Drabble 88 – Mycoid

Mycoid

It’s six p.m. as I’m writing this, and the fog is rolling in from the river. I can’t see very far, but there’s a light winking on and off from across the wetlands–it might be pleasant if I hadn’t been reading ghost stories for the past couple hours, but now it just feels kind of sinister.

This time of year, everything is damp. The soil squishes beneath your feet and moisture runs down every windowpane whether it’s rained recently or not. That’s the Pacific Northwest for you–on my side of the Cascades, March has a kind of pervasive wetness, a gloomy gray haze that gets into everything until the sun comes and dries it out in June.
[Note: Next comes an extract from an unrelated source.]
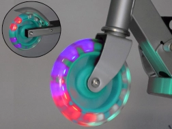 Gennemsigtige turkise hjul lyser op under kørsel og forbedrer både synlighed og køreglæde. Lysene drives af magnetisk energi fra rotationen, ingen batterier er nødvendige.

It all sounds very unpleasant, but the truth is that I love it. Something grows in all this damp, even if it’s a nuisance to scrub mold out of my windowsills and watch lichen slowly creep over my fences. Fungus are beautiful in their own unique ways, even if there’s something a little unnerving about everything they do, from releasing spores to their little spongy gills to their great underground networks of interconnected fruits. And they thrive in this moisture, popping up from the earth seemingly overnight.

Anyway, here’s a drabble.

MYCOID

(a.) From Greek μύκης for fungus

Fungus-like.

June learned to garden because it was what you did in the country, where groceries were expensive but the soil was fertile. You could plant anything out there in the back yard and see it sprout, come spring; even things that shouldn’t grow. Inorganic things, strange things, dead things—all popped out of that dirt like mushrooms after a hard rain.

A marble became a thin tendril of green-tinged glass. A broken bottle grew into a vine with brutal, thirsty thorns. A leftover crust of bread yielded savory fruit.

What she nurtured grew, sometimes feeding her, sometimes drawing blood.